§ What to produce
Each line from the first entry to the line with "Compact shoulder bag", both included, is to be returned unchanged, with any pictures dropped.

[Extracted data entries]
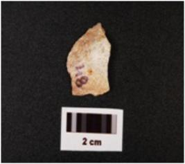 | Description / विवरण | Flake with a sharp working edge, positive bulb visible on one side. |
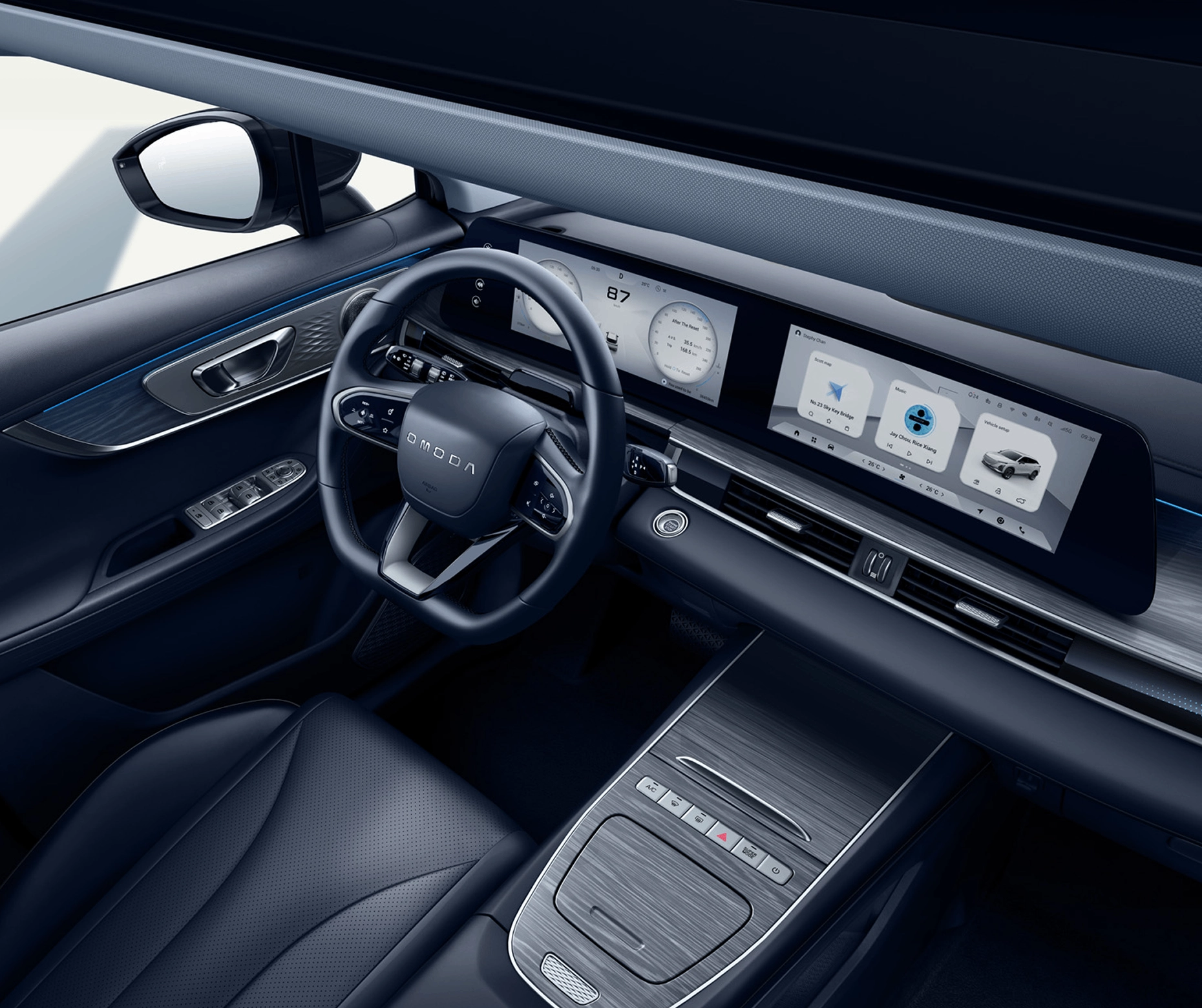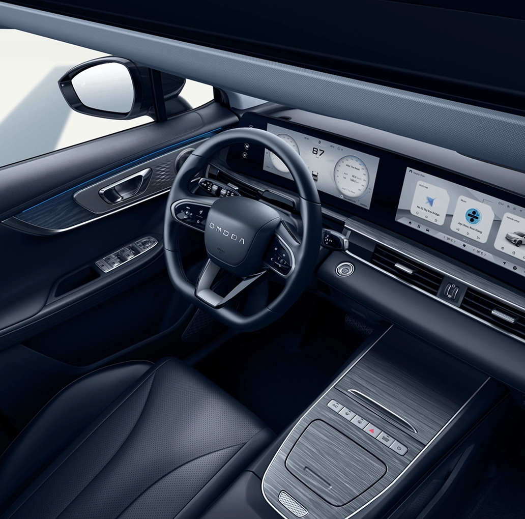 De OMODA 5 SHS-H is uitgerust met een digitaal instrumentenpaneel en een geavanceerd multimediasysteem. Twee 12,3-inch LCD-displays bieden HD-resolutie; het tweede display is aanraakgevoelig en ondersteunt draadloos Android Auto en Apple CarPlay.
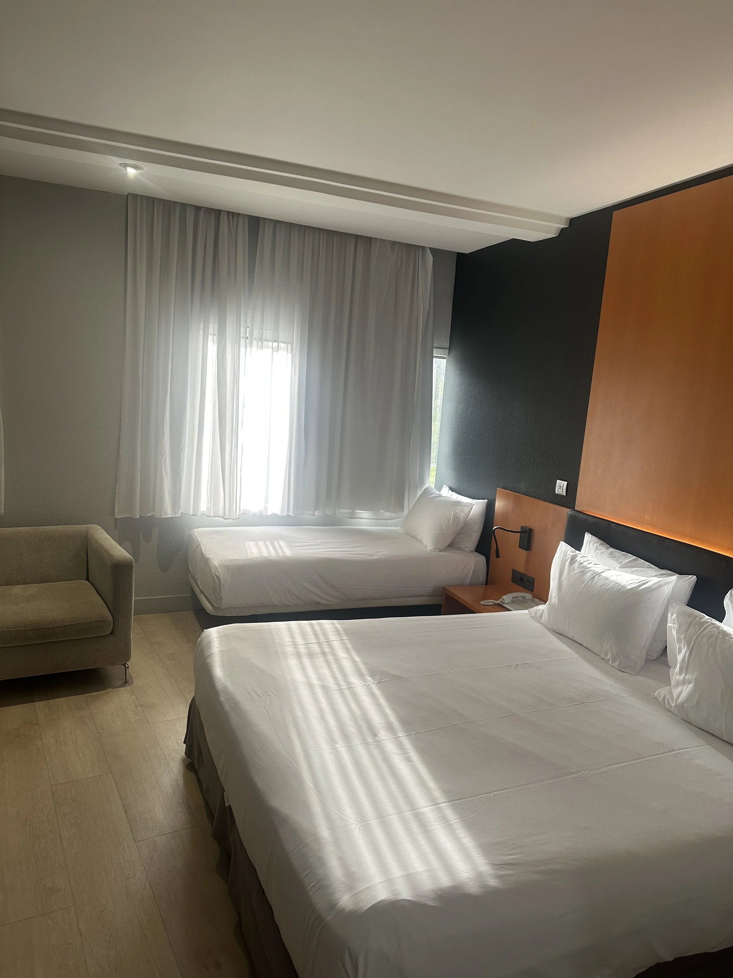 A serene and welcoming space, ideal for resting and disconnecting after exploring the city. The natural light filling the room and its peaceful ambience invite total relaxation, creating a sense of comfort and calm.
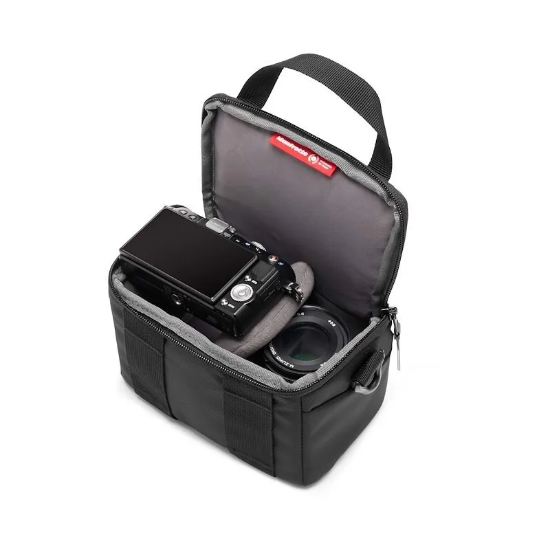 Compact shoulder bag Fits a mirrorless camera or a small DSLR Soft padding protects from bumps Extra pockets for accessories Waterproof exterior
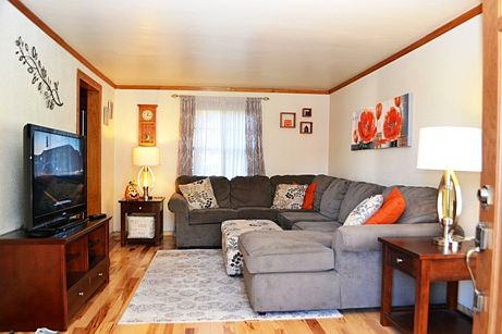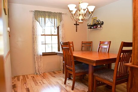 Inviting All Brick Colonial with covered front porch and park-like setting on a large corner double lot. This home boasts a beautiful updated galley kitchen with granite counters, lots of cabinets, stn stl appliances and gorgeous 3/4" hardwood floors recently installed throughout the dining room, living room & kitchen. A warm and cozy family room awaits with a log burning fireplace and ample natural lighting. Some of the features are updated baths, updated windows, solid core 6 paneled doors, new front entry door, level driveway, neutral decor and full basement that could convert. Close to Butler's Golf Course, Round Hill Park, Walking Trail, School, Shopping & restaurants. This is a warranted home for 1 year.
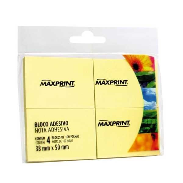 Bloco de Notas Adesivo Maxprint 38x50mm Cores Neon 4 UN 50 FL
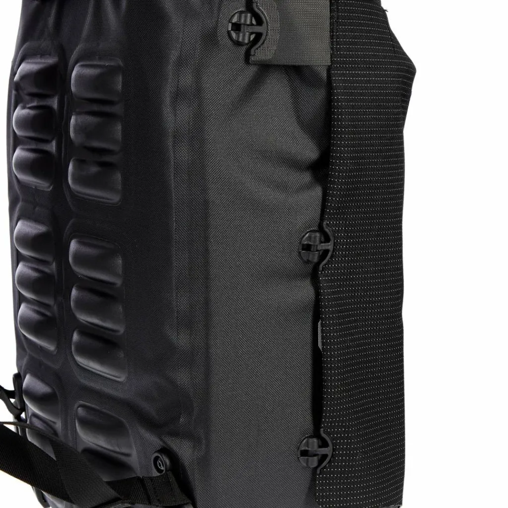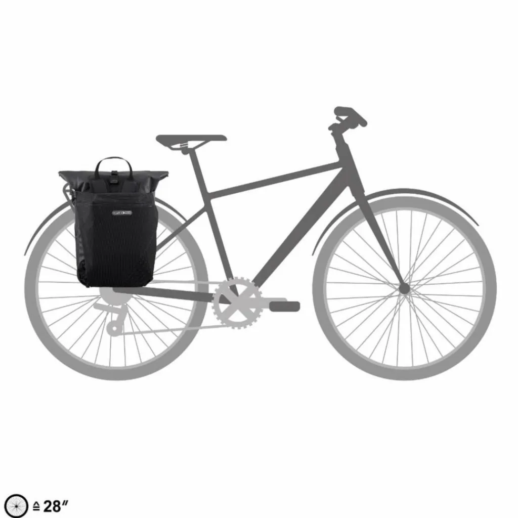 Aufhängung für Gepäckträger mit einem Rohrdurchmesser von 8 bis 16 mm. Die beiden oberen Haken lassen sich werkzeugfrei auf der aus einem Stück gefertigten Schiene verschieben und durch Anheben des Tragegriffs öffnen. Der untere Arretierungshaken ist ebenfalls auf einer halbelliptischen Schiene individuell anpassbar und werkzeugfrei in 15-Grad-Schritten drehbar. Ein Scheuerschutz im unteren Bereich der Taschen und an der Auflagefläche des Gepäckträgers beugt Abrieb vor.Details
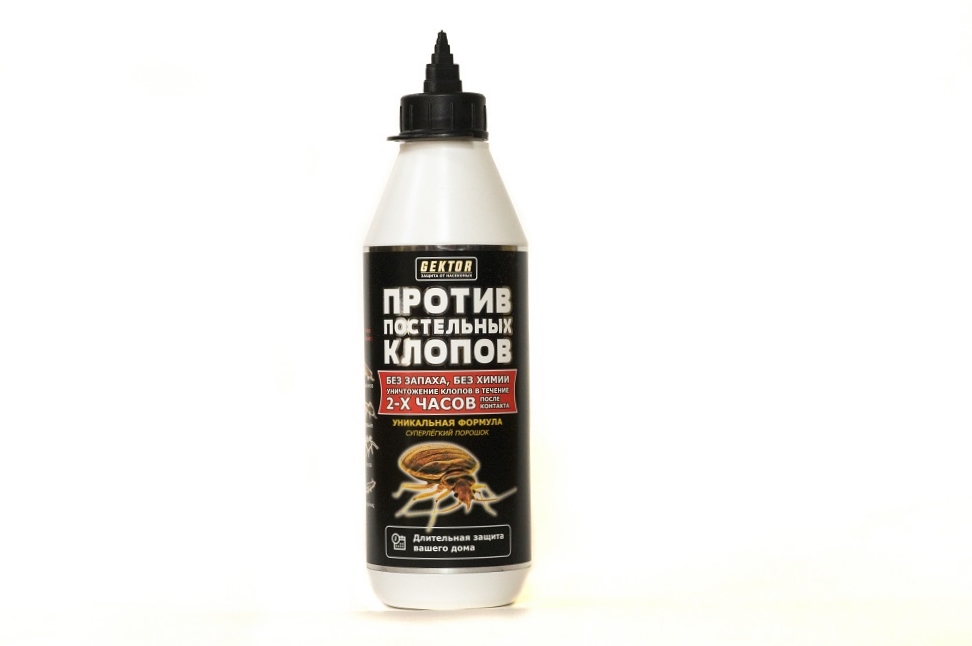 Диатомит (или кизельгур). Кизельгур является экологически чистым средством против клопов, которое может распространяться в виде порошка в возможных местах укрытия и типичных путях клопов. К ним относятся отверстия и трещины в стене, области за краем ковра, трещины по бокам розеток и другие области, которые обеспечивают доступ к полостям в стене. Мелкие и микроскопические частицы кизельгура повреждают хитиновую оболочку клопа и приводят к его высыханию. Диатомовая земля безвредна для людей и домашних животных, но ее не следует вдыхать (лучше всего использовать хирургическую маску).
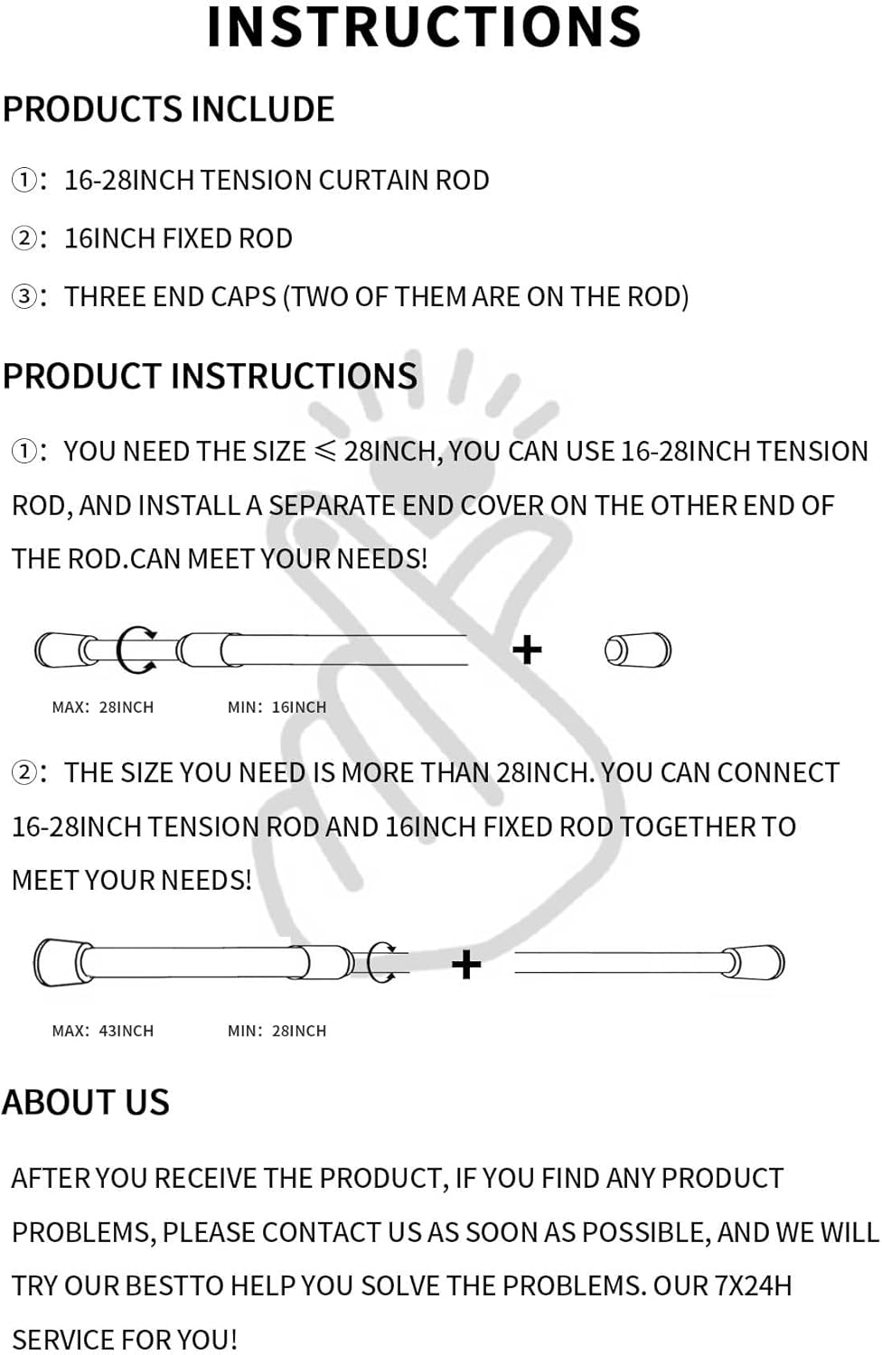 【Firm Non-slip】- Made of Strong and Rough Metal materials, Metal rod with plastic ends, Baked black paint material surface, a strong stretch to extend enough to support the force, bearing is 2 times the ordinary items.you don't have to worry about it slipping or falling
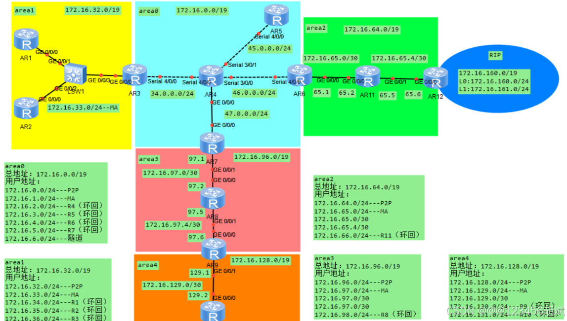 3、整个OSPF环境IP基于172.16.0.0/16划分;除了R12有两个环回,其他路由器均有一个环回IP
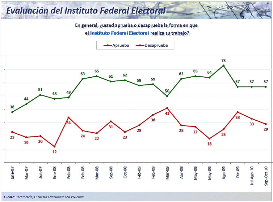 El Instituto Federal Electoralpresenta altos niveles de aprobación (57%), pero sin poder llegar a los niveles de 2009, cuando obtuvo los puntos más altos de aprobación, de acuerdo al registro histórico de Parametría.
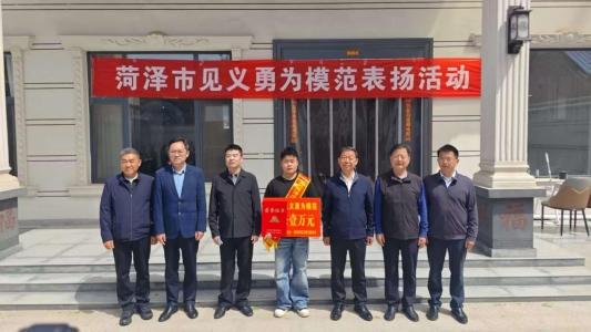 鲁网4月20日讯(记者 李昊)为弘扬见义勇为精神、致敬平民英雄壮举,凝聚全社会向上向善的强大力量,4月20日,菏泽市委政法委、市见义勇为基金会专程来到曹县张健的家中举行表扬仪式,向穿越浓烟隧道在火海中救人的张健授予“菏泽市见义勇为模范”称号,并发放奖金10000元。
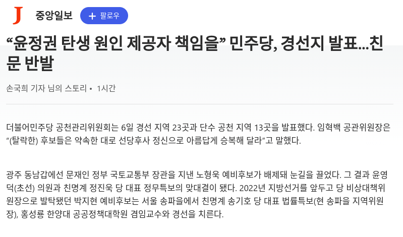 민주당, 경선지 발표 2024년 2월 중앙일보의 돌려까기 News2024. 2. 7. 02:12
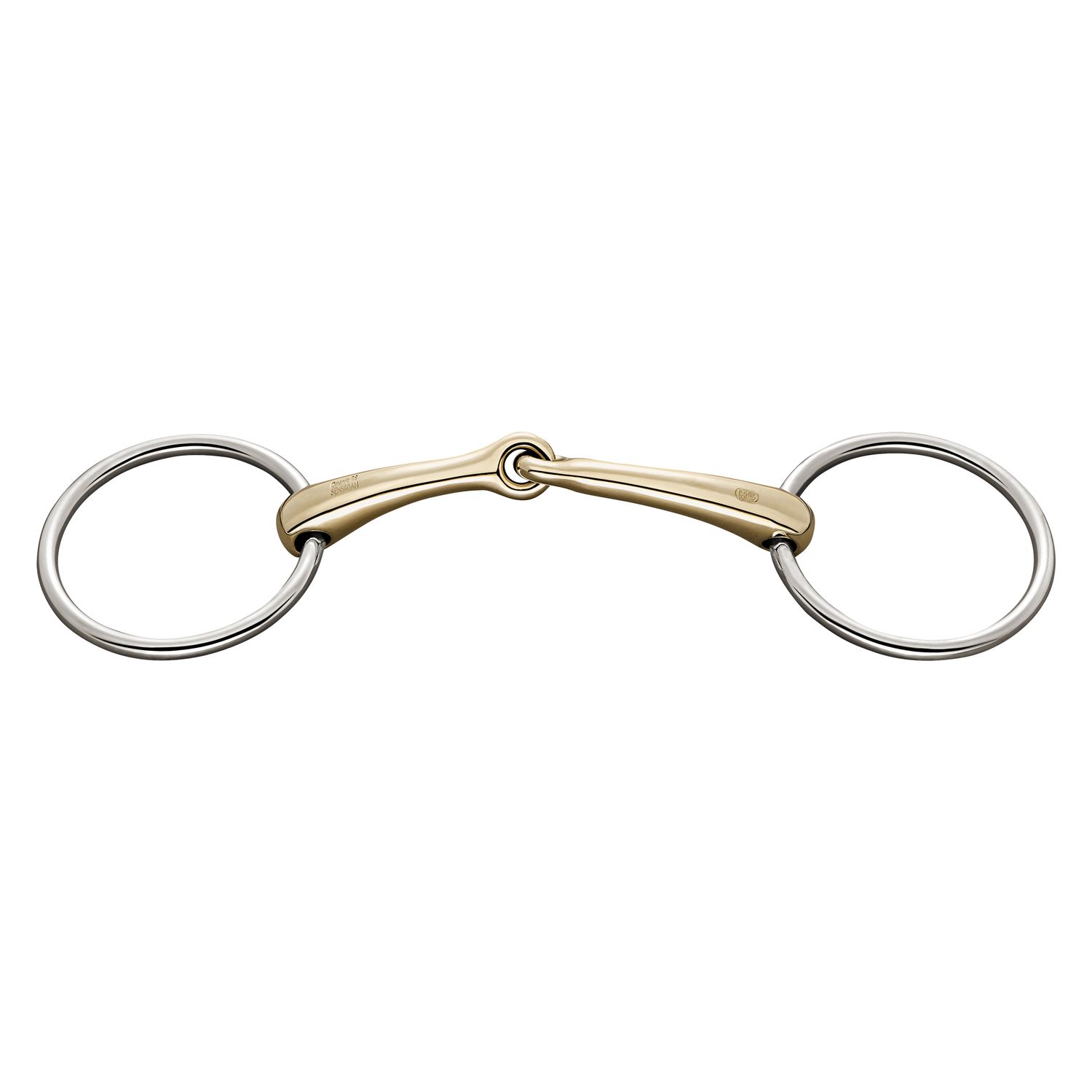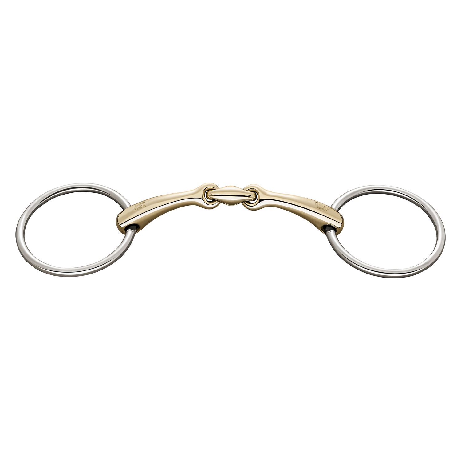 Einfach gebrochen. Das Gebiss zeichnet sich durch die ergonomische Form, die eine gleichmäßige Druckverteilung auf die Zunge ermöglicht, aus. Das Sensogan-Mittelstück ist um 45° nach vorne geneigt und liegt passgenau zwischen Zunge und Gaumenbogen. Somit wir eine weiche aber effektive Hilfengebung ermöglicht. Ideal für sensible Pferde oder Pferde mit fleischiger Zunge. Durch das fixierte Seitenteil ist eine direkte Übertragung der Zügelhilfe auf Zunge und Unterkiefer möglich. Liegt ruhig im Pferdemaul, ist maulwinkelschonend. Mit Edelstahl-Ringen.
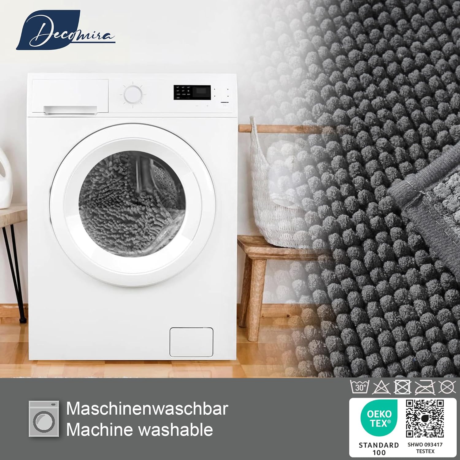Постелките за баня Decomira са изработени от висококачествен и издръжлив материал. Плътният косъм и шевовете остават визуално и функционално непокътнати дори след многократно пране.
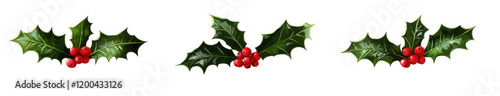 three clusters of holly leaves adorned with bright red berries. commonly associated with winter and festive decorations the design is simple yet elegant. making it suitable for holiday-themed graphics

§ Answer section
 | Description / विवरण | Flake with a sharp working edge, positive bulb visible on one side. |
 De OMODA 5 SHS-H is uitgerust met een digitaal instrumentenpaneel en een geavanceerd multimediasysteem. Twee 12,3-inch LCD-displays bieden HD-resolutie; het tweede display is aanraakgevoelig en ondersteunt draadloos Android Auto en Apple CarPlay.
 A serene and welcoming space, ideal for resting and disconnecting after exploring the city. The natural light filling the room and its peaceful ambience invite total relaxation, creating a sense of comfort and calm.
 Compact shoulder bag Fits a mirrorless camera or a small DSLR Soft padding protects from bumps Extra pockets for accessories Waterproof exterior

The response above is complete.